**Your instructions:** Using the listing below, set down exactly the lines from the one that contains "Sombrero de fiesta" through the one that contains "Fin janvier 2026, la", with no pictures.

═════ Data shown

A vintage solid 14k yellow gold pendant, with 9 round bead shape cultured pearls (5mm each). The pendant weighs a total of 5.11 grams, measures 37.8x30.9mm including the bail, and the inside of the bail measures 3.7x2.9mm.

══════════
═════ Data shown

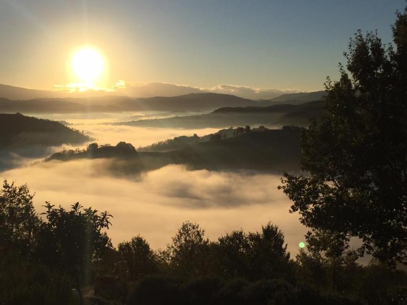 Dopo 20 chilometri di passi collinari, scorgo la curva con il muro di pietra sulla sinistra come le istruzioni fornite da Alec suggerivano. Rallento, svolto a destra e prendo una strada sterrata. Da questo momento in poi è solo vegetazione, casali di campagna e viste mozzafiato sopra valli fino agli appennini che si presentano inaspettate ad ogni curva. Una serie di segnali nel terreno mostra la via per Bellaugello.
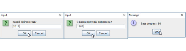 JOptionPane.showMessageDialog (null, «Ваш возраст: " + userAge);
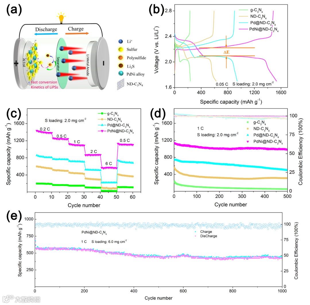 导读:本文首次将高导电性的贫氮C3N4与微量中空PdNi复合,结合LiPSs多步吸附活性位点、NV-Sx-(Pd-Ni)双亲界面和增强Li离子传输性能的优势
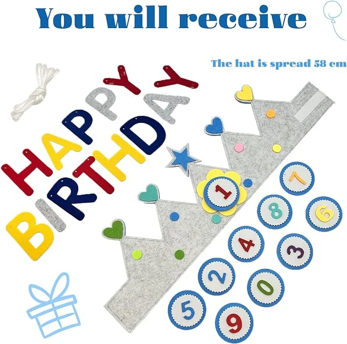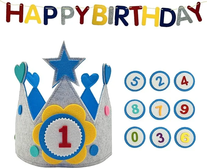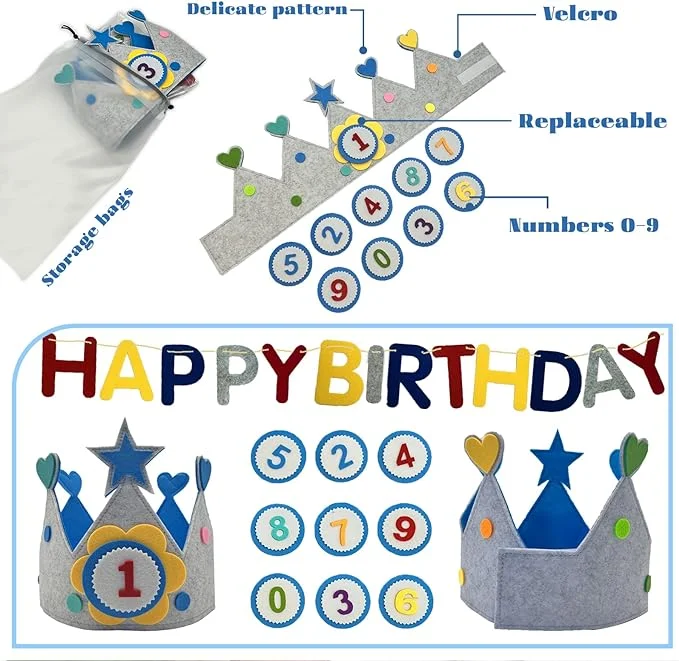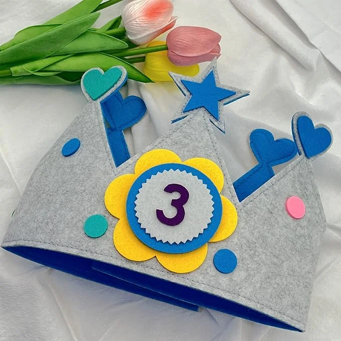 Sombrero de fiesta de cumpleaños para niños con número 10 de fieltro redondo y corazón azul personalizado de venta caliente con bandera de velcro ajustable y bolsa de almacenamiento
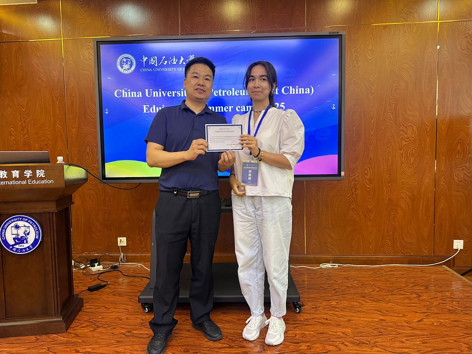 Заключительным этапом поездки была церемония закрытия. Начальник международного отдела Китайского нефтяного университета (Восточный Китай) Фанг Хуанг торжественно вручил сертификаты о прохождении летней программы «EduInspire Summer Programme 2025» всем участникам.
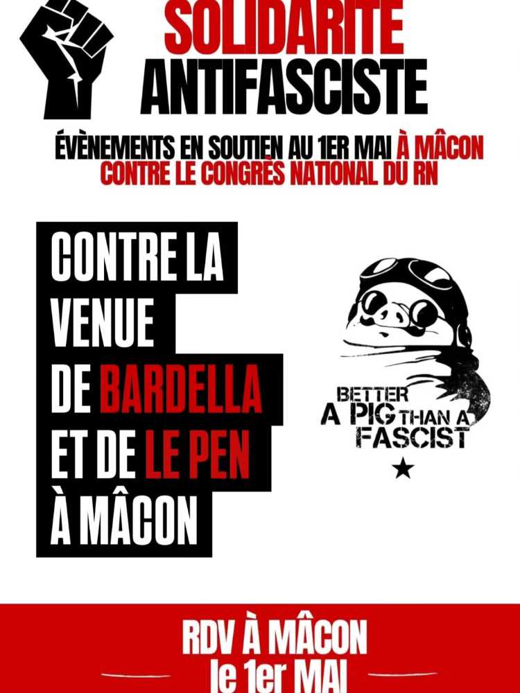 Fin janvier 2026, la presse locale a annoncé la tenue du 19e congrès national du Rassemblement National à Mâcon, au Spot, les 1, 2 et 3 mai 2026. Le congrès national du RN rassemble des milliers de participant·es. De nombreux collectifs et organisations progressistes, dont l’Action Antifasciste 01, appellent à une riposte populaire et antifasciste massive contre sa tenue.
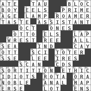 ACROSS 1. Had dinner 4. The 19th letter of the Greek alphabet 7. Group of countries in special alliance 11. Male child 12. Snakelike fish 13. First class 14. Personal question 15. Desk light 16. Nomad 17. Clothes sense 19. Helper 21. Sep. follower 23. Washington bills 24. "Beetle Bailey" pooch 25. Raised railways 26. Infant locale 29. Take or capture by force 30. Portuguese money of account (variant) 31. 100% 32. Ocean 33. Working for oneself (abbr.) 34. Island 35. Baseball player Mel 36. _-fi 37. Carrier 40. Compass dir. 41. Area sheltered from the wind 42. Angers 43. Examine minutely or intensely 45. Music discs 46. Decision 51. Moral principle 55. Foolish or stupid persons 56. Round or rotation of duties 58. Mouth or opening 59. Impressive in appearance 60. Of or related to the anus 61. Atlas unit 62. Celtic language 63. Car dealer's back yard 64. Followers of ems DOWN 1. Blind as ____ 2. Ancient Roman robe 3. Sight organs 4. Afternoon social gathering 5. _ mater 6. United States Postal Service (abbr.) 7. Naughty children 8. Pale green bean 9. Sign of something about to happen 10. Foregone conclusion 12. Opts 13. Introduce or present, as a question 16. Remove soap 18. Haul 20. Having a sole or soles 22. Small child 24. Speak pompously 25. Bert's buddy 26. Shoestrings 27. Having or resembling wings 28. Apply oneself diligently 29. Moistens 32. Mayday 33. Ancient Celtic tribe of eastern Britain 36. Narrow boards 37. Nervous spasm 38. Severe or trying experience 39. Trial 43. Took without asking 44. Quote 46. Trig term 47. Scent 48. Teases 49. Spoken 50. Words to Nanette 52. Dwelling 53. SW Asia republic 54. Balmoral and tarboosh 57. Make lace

══════════
═════ Data shown

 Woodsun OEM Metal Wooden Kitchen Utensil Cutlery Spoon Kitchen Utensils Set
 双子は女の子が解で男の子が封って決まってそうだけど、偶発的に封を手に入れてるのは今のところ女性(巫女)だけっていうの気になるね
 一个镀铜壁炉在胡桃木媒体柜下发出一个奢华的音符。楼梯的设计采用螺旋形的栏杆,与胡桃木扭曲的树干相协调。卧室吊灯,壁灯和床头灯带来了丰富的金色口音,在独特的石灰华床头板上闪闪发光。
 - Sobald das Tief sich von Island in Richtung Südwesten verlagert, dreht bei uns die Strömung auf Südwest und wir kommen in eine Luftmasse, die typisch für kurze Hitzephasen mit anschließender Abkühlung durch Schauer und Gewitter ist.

══════════

**Result:**
 Sombrero de fiesta de cumpleaños para niños con número 10 de fieltro redondo y corazón azul personalizado de venta caliente con bandera de velcro ajustable y bolsa de almacenamiento
 Заключительным этапом поездки была церемония закрытия. Начальник международного отдела Китайского нефтяного университета (Восточный Китай) Фанг Хуанг торжественно вручил сертификаты о прохождении летней программы «EduInspire Summer Programme 2025» всем участникам.
 Fin janvier 2026, la presse locale a annoncé la tenue du 19e congrès national du Rassemblement National à Mâcon, au Spot, les 1, 2 et 3 mai 2026. Le congrès national du RN rassemble des milliers de participant·es. De nombreux collectifs et organisations progressistes, dont l’Action Antifasciste 01, appellent à une riposte populaire et antifasciste massive contre sa tenue.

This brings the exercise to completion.